The Commonwealth Ensigns
In February 1903 it was announced in the Commonwealth Gazette that King Edward VII had approved the design for the Flag of Australia.
- The Commonwealth Blue Ensign
- The Commonwealth Red Ensign – for the merchant Navy.
On both ensigns the stars of the Southern Cross were simplified to four seven-pointed stars and one five-pointed star. In 1908 a seventh point was added to the Commonwealth star to represent the Australian territories.
However, people were confused about the use of two Australian flags. The blue ensign was meant for official and naval purposes and the red ensign was meant to be used by the merchant fleet, but the general public began using the red ensign on land.
The Flags Act 1953
In 1941, Prime Minister the Rt Hon Robert Menzies issued a press statement recommending the flying of the blue ensign as a national emblem. The flags Act 1953 was passed by Parliament and was one of the few Commonwealth Bills signed by the Monarch rather than the Governor-General. This document was signed by Queen Elizabeth herself during the 1954 Royal Tour of Australia. The Australian blue ensign was now the Australian National Flag and the Australian Red Ensign as a flag for merchant ships registered in Australia.

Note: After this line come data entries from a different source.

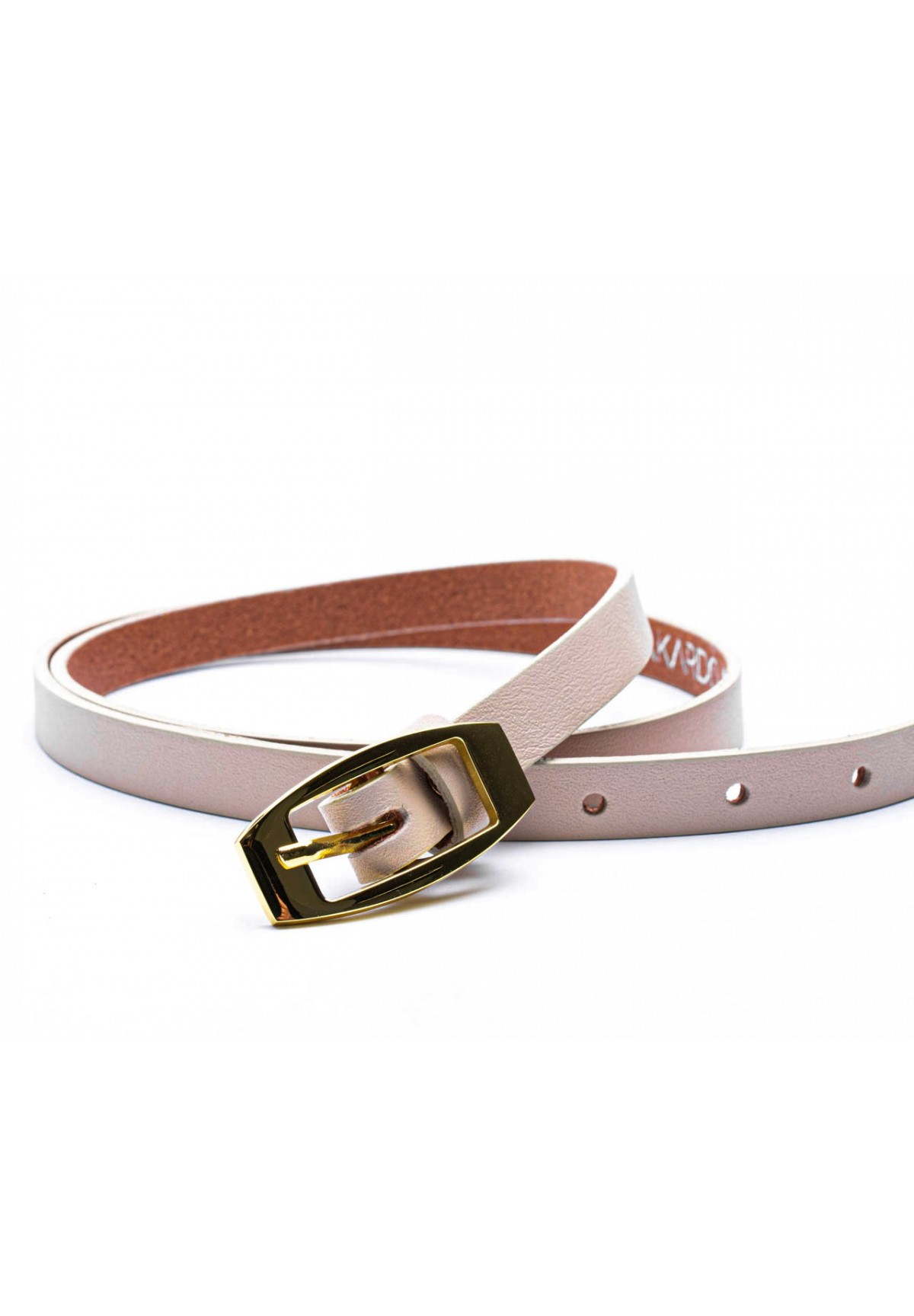 Stylowy pasek damski, zapinany za pomocą złotej klamry. Wykonany z naturalnej skóry licowej w uniwersalnym kolorze beżowym. Model o szerokości 1,5 cm, doda charakteru ulubionej stylizacji. Można go nosić do spodni, spódnic jak i sukienek. Wewnętrzna część paska z nadrukiem z logo AKARDO.
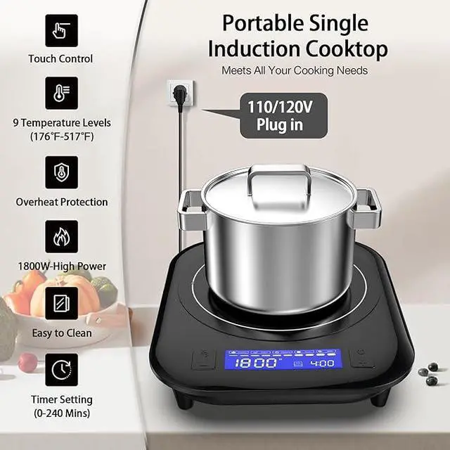 Induction Cooktop,1800W 110V Single Burner Cooktop,Induction Hot Plate with 5 Cooking Modes, Electric burner with LCD touch control,9 Temperature Levels & 4H Timer,Overheat protection
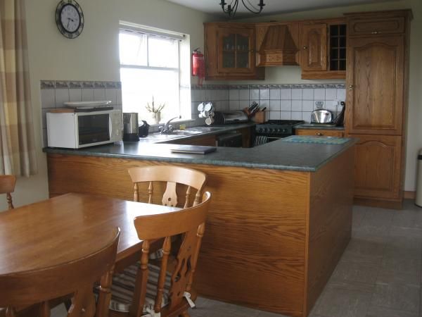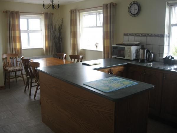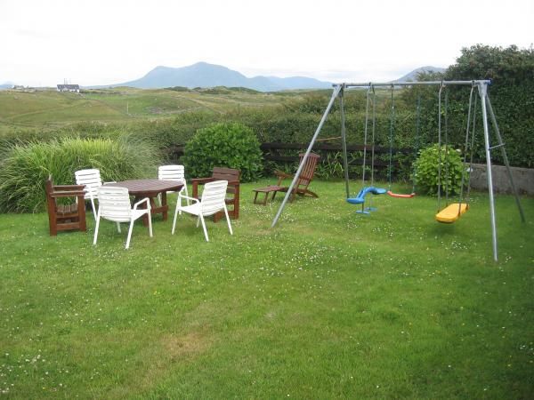 There is a secure garden with swings and furniture to enjoy on a summer's evening and ample parking surrounding the property. The warm relaxing living room has an open stone fireplace. The fully fitted modern kitchen and dining area have spectacular views of Inis Bofin, Inis Turk and Clare Island.
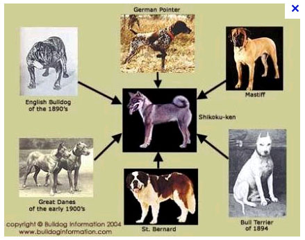 ▶ 도사견 개량에 들어간 견종 가운데 일본토종견을 베이스로 6가지 견종이 교잡되었다.
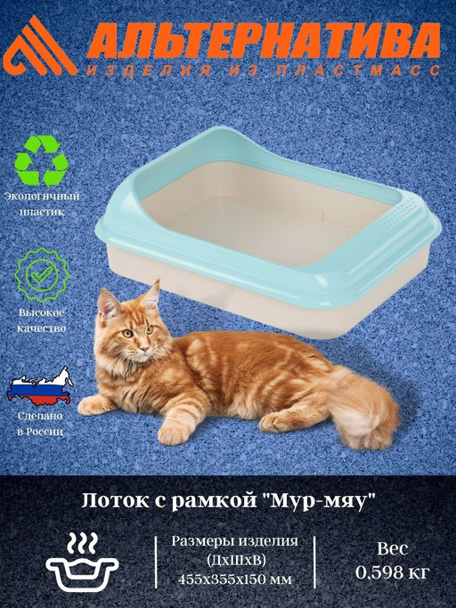 Лоток из коллекции Мур-мяу изготовлен из качественного прочного пластика. Материал абсолютно безопасен для здоровья питомца и не имеет посторонних химических запахов. Высокий борт надежно фиксируется по периметру лотка и предотвращает разбрасывание наполнителя. Борт легко убирается, если Ваш любимец еще совсем маленький и ему трудно залезть в лоток. Отсутствие острых углов делает изделие безопасным. Туалет не занимает много места, легко моется водой.­

Her Majesty’s signature would validate the transition in national flags which was taking place, from Union Flag to the Australian National Flag.
In 1998 an amendment was passed to ensure that the Australian National Flag can only be changed with the agreement of the Australian people.
The Commonwealth Flag Network
You can register for the Commonwealth Flag Network for up-to-date advice on how to fly the flag on special occasions. After registering you will receive an email at the same time as flag marshals around the country. Follow the link: firstname.lastname@example.org.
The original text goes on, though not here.